When the last of them were gone he was still there, pretending to have been reading the backs of books the entire time. He waited another few minutes before he set a paperback down, carefully using his sleeve to rub his fingerprints off the slick cover, and returned to the counter.
"You should have gone first," I said. "They're impatient little beasts sometimes."
"I don't mind," he stammered. "May I have my book now?"
"Of course," I said, giving up on restarting our argument about payment. I offered him the book wrapped in a clear plastic bag, normally reserved for rainy weather or people with a lot to carry. "See? So you can make sure you have the right one this time."
He looked down at the title through the plastic. "Yes, I see," he said gravely, clearly uncertain whether or not I was joking.
"So you've moved into the cottage at The Pines?" I asked, as the ancient cash register spat out a receipt. I tore it off and offered it to him. He shoved it in a pocket absently.
"Word travels fast."
"Get used to it. I'm Christopher," I added, offering him my hand.
"Lucas," he replied, hesitating briefly before shaking.
"Staying the winter?" I asked, while he shifted uneasily and glanced around.
"Probably through spring at least."
"You working in town?"
"Not really," he said abruptly. "Thank you – have a nice day."
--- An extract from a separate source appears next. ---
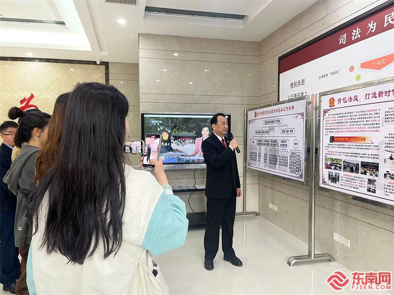 “大国基理”网络主题宣传活动采访团走进泰宁县人民法院金湖人民法庭。东南网记者 林瑶 摄 东南网4月24日讯(本网记者 林瑶)泰宁县人民法院金湖人民法庭坐落在美丽的大金湖畔,是三明市法院唯一的景区法庭。 据了解,2019年5月,泰宁法院金湖法庭首创推出了全省首个“背包法庭”,法官背着背包进村入户,深入基层开展巡回审判、多元调解、普法宣传等活动,做到“一呼就应、一背就走、简便易行成本低、随时随地效率高”。 2021年,结合“一党委三中心”建设和基层争创“六无”村(社区)活动,泰宁法院总结拓展“背包法庭”的工作经验,向全院推广——采取庭室挂包、分片负责的方式,将巡回审判的服务范围向社区、企业、学校、军营、单位、家庭延伸,实现全院参与、全员行动、全域覆盖;成立“背包法庭”(水西社区)服务站等一批示范点,制定“背包法庭”的标准化司法服务工作指南,形成可复制、可推广的经验。 “我们不仅要保障司法的公正性,还要体现司法的便利性和亲和力。”泰宁县人民法院党组书记、院长张志明表示,“背包法庭”体现了司法为民、深入一线、服务基层、方便群众的执法理念。2019年以来,泰宁法院金湖法庭共审结各类案件900余件,案件数呈逐年下降趋势,民事案件调解撤诉率71.25%,无一改判和信访。先后被授予全国法院指导人民调解工作先进集体、省级优秀人民法庭、全省平安建设先进集体等荣誉。 记者手记 一个背包、一台笔记本电脑、一张便民联系卡、一组“法治宣传套餐”……“背包法庭”始创于解决旅游纠纷,随着工作推进,为解决农村群众打官司交通不便、寻求法律服务费时费力等难题,泰宁法院提升“背包法庭”工作模式,打造“半小时”司法服务圈,受到基层群众好评。 泰宁法院创新便民利民服务举措,“背”起初心、下沉一线,满足人民群众日益增长的多样化司法需求的同时,提高了法治宣传教育的针对性、实效性。让法律走进百姓生活的做法值得推广学习。

He was out the door and down the steps before I could get another reply out.
***
It is a natural human urge to settle in certain formations, which can be repeated in a village of five thousand even more easily than a city of five million. The village is merely the city stripped to its basic component parts, after alclass="underline" places to gather, places to buy and sell, places to live, places to play. The church, the shops, the houses, the park.
Low Ferry's major road was a two-lane blacktop lined with shops, the only reliably-plowed street in the winter. During the summer the cheap asphalt sometimes melted and stuck to peoples' shoes. My shop, and my little apartment above it, stood about midway down the road in the heart of our bustling retail district which consisted of my bookshop, the hardware store, the cafe -- which was also a general store and sold homemade jam in summer -- a department store with a grocer's built into one side of it, and two antique shops that closed when the tourist season ended each year. At the northern end of the road, before it shot off in search of a freeway to join, there stood a small squat wooden church which was attended by nearly everyone who lived in the village.
Spreading out from the shops in a vaguely oval pattern were shady streets with pleasant grass-yarded houses, none more than a decent half-hour's walk from the center of town. The two lower schools stood on one side of town and the high school on the other, closer to the manicured sports field. To a child it must have seemed pretty tedious, spending eighteen years with the same forty or fifty faces. Or maybe it was reassuring. I went to school in Chicago, where the faces changed from year to year.